→ Exercise directions
Of all the lines below, return only those starting with the line holding "Věci osobní potřeby" and going on through the line holding "热血深处见柔情。粤剧版《彩云", exactly as written.

→ Excerpted records
------------

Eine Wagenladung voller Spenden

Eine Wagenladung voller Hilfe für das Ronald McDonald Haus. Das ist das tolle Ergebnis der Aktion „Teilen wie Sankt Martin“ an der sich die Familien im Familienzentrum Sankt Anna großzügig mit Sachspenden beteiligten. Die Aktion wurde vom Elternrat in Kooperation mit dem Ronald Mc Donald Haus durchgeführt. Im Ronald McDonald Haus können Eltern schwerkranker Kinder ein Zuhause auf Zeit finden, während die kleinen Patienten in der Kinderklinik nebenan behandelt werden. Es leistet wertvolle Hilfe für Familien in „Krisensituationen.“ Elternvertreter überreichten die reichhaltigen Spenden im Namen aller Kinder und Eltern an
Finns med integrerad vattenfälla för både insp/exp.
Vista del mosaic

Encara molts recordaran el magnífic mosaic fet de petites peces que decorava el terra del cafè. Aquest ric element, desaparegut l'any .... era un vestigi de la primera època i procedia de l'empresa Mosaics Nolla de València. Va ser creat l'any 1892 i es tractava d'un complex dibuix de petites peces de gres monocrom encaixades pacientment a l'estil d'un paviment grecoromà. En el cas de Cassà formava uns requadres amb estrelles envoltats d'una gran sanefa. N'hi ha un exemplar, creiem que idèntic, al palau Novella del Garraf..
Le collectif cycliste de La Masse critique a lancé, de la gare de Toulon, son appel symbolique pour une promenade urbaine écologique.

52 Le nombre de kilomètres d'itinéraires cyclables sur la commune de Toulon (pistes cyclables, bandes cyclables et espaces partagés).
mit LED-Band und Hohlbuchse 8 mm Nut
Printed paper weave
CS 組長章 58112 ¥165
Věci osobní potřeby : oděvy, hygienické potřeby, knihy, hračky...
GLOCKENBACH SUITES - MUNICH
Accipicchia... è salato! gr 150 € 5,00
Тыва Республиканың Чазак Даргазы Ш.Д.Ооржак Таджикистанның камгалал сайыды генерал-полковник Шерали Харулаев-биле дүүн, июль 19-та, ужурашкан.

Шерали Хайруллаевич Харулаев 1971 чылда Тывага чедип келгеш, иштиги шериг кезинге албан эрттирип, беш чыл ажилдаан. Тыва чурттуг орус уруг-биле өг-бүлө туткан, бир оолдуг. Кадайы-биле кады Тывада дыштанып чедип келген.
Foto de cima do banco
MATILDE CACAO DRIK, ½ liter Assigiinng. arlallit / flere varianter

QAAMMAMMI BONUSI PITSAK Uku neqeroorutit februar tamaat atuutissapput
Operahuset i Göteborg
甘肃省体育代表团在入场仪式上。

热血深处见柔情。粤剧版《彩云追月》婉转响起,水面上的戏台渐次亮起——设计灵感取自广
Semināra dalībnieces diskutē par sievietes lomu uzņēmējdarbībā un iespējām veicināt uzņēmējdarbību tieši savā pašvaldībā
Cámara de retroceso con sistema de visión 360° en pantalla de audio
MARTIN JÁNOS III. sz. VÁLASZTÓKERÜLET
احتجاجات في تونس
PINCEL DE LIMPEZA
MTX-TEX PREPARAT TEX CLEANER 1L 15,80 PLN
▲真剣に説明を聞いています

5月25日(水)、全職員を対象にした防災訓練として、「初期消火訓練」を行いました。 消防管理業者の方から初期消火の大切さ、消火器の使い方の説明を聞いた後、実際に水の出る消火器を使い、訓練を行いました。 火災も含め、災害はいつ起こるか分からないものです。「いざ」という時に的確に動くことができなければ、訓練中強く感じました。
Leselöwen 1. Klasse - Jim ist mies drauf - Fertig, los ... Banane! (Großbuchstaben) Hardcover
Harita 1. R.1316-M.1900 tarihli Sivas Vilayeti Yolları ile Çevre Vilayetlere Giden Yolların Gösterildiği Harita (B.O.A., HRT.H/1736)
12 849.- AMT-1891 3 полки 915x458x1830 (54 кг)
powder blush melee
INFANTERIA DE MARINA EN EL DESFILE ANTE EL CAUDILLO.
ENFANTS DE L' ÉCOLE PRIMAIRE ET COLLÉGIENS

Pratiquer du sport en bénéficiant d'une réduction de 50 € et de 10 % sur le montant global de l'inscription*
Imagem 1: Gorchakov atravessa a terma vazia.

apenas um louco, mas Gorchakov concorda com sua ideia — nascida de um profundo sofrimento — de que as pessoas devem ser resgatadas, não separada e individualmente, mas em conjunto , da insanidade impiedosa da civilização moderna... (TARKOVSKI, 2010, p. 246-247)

------------

→ Result for this exercise
Věci osobní potřeby : oděvy, hygienické potřeby, knihy, hračky...
GLOCKENBACH SUITES - MUNICH
Accipicchia... è salato! gr 150 € 5,00
Тыва Республиканың Чазак Даргазы Ш.Д.Ооржак Таджикистанның камгалал сайыды генерал-полковник Шерали Харулаев-биле дүүн, июль 19-та, ужурашкан.

Шерали Хайруллаевич Харулаев 1971 чылда Тывага чедип келгеш, иштиги шериг кезинге албан эрттирип, беш чыл ажилдаан. Тыва чурттуг орус уруг-биле өг-бүлө туткан, бир оолдуг. Кадайы-биле кады Тывада дыштанып чедип келген.
Foto de cima do banco
MATILDE CACAO DRIK, ½ liter Assigiinng. arlallit / flere varianter

QAAMMAMMI BONUSI PITSAK Uku neqeroorutit februar tamaat atuutissapput
Operahuset i Göteborg
甘肃省体育代表团在入场仪式上。

热血深处见柔情。粤剧版《彩云追月》婉转响起,水面上的戏台渐次亮起——设计灵感取自广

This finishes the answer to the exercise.